== Data shown ==

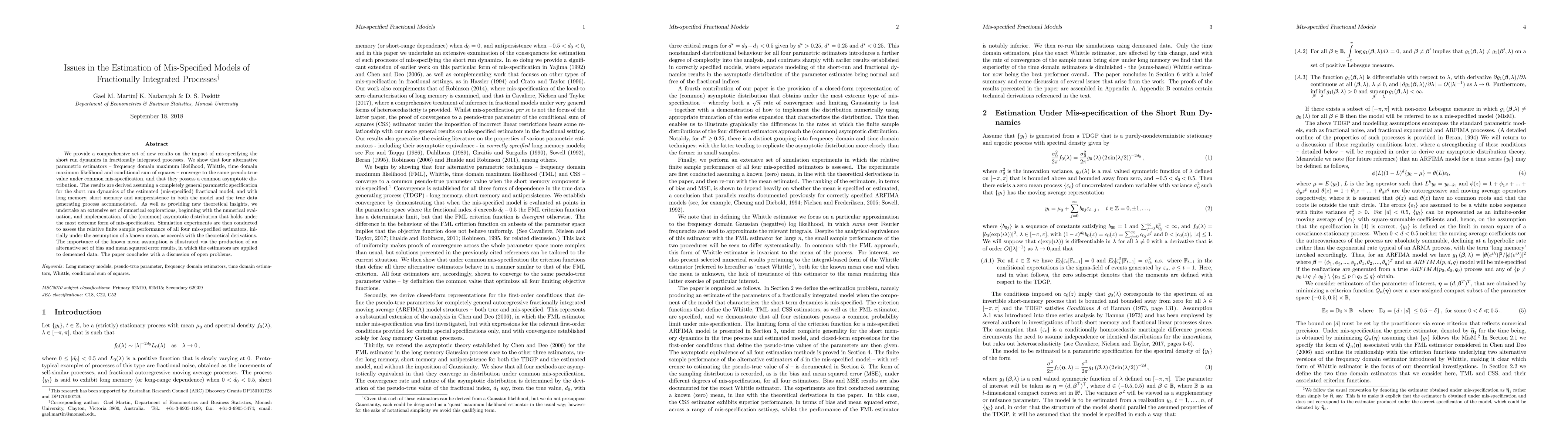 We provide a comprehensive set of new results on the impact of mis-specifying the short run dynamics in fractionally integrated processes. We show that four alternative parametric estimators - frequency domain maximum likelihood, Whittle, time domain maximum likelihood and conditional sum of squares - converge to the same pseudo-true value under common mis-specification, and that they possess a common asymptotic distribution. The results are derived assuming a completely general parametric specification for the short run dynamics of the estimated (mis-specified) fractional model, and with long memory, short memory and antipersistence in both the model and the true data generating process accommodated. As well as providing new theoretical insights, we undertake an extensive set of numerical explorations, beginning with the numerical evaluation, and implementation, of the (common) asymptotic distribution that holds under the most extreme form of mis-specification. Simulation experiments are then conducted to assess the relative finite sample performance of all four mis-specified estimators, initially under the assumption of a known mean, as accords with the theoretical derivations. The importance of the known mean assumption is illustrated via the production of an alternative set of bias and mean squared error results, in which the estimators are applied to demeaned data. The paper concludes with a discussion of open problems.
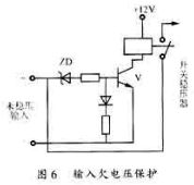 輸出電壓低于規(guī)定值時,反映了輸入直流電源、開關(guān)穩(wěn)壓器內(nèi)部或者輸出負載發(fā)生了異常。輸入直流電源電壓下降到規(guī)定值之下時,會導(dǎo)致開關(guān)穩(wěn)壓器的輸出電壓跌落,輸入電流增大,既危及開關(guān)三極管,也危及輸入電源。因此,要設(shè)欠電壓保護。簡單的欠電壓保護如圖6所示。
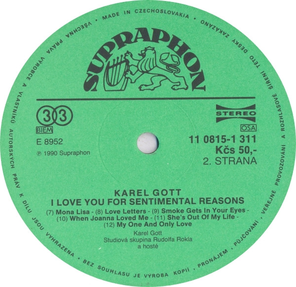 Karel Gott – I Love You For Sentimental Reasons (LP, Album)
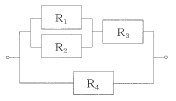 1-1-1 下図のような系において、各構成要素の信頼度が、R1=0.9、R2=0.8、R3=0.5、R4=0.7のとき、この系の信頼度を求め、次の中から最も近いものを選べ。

== What the exercise asks ==
A word-for-word repeat is expected of the lines from the one with "Karel Gott –" to the end of the data, both included; pictures are not part of it.

== Result of this exercise ==
 Karel Gott – I Love You For Sentimental Reasons (LP, Album)
 1-1-1 下図のような系において、各構成要素の信頼度が、R1=0.9、R2=0.8、R3=0.5、R4=0.7のとき、この系の信頼度を求め、次の中から最も近いものを選べ。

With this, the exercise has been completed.